Getting Started on A-Chain Alpine
Before you can deploy a contract you need three things on the testnet: an account, its keys, and a little SYS to stake for resources. Alpine is a permissioned network, so accounts are created by an authority rather than self-minted — here's the path.
1. Generate a keypair
pulse-ts create-key # prints a PUB_K1_… / PVT_K1_… pair — save the private key2. Request a testnet account
Account creation requires a creator authority (the pulse system account on Alpine). Request an account + starter resources through the community channel or contact Metallicus, providing your public key. You'll get back a named account (e.g. yourname1) with its owner/active set to your key and starter CPU/NET/RAM.
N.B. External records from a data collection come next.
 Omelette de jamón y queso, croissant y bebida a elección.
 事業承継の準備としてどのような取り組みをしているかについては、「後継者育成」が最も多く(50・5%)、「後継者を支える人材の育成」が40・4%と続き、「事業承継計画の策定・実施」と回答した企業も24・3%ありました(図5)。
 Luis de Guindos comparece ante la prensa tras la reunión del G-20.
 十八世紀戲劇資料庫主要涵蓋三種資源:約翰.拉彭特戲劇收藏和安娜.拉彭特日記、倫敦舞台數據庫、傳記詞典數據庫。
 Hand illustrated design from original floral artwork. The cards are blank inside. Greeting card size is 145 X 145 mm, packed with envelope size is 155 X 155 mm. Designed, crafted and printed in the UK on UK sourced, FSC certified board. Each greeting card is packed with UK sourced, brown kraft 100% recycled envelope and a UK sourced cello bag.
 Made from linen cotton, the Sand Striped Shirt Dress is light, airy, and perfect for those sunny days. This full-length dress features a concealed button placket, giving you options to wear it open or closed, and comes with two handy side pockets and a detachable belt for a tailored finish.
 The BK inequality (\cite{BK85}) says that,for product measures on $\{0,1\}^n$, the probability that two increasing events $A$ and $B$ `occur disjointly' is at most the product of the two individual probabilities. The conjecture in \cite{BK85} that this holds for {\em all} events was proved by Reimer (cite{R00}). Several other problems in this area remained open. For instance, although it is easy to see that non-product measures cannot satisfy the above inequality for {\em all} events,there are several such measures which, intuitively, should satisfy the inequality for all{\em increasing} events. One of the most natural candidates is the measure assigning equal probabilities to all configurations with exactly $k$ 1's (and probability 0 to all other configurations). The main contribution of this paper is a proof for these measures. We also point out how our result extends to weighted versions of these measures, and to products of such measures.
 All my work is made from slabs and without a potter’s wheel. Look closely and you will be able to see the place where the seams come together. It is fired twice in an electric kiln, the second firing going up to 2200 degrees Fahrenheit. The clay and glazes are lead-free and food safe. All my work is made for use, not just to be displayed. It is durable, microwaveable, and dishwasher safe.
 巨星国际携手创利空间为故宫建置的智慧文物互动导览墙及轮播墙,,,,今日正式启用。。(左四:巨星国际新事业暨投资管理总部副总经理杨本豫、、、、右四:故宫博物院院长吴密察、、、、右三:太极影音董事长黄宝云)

Why not self-serve? On a permissioned chain, account creation is an authorized action — this is a feature (named, accountable identities), not a limitation. For a network you operate yourself, you hold the creator authority and mint accounts freely.
3. Point your tooling at Alpine
pulse-ts endpoint:set https://a-chain-testnet.protonnz.com/ext/bc/6v9NieZiX3e8eQz3CyJMtXB6YzV2RtnxcRyLAmSgFWWk5Qs6y/rpc4. Build & deploy
Pick your language and follow the quickstart:
- Rust — the canonical CDT (PulseVM and its system contracts are Rust)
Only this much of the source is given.